Comment 22 for bug 1668129

Revision history for this message
Dan Streetman (ddstreet) wrote :

On an i3 instance in east-1, where i can reproduce fairly easily, the errors i'm getting unfortunately don't help. the nvme controller is failing some requests, but it isn't providing any useful info about why it doesn't like the requests. for example, here is some debug I added:

[ 1464.634709] nvme nvme0: invalid field command_id 3eb qid 5 cmd_type 1 cmd_flags 4001 data_dir 1 status 2002

the controller is failing a request with error 2 "invalid field", and sets the "more error data" flag 0x2000. So I pulled the error log page, which is supposed to provide more data about why the request failed.

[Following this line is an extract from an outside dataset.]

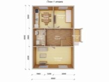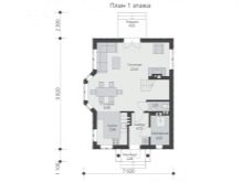 سيتم تجهيز غرفة مرجل بمساحة 8.8 م 2 في الطابق الأرضي. تبلغ مساحة المطبخ حوالي 10 أمتار مربعة. م قاعة المدخل مجاورة لمنطقة الضوء الثانية. حتى أنه كان هناك مكان لحجرة المؤن ومنطقة لتبديل الملابس. الطابق العلوي:

[ 1464.634836] nvme nvme0: error log entry: count 5d5281a qid 5 command_id 3eb status 2002 byte ff bit ff lba 0 ns 1 vendor 0 csi 0

the nvme controller error log is supposed to provide details about the failure, but this provides no new info; the qid and command_id match the failure above, but the error location fields (byte and bit) which are supposed to point to the specific byte/bit in the request that the controller doesn't like, are set to 0xffff which means "If the error is not specific to a particular command then this field shall be set to FFFFh" - so that's totally unhelpful.

Instead of trying to determine what the controller's unhappy about, I'll try bisecting with an older kernel, to find the commit that introduces the failure.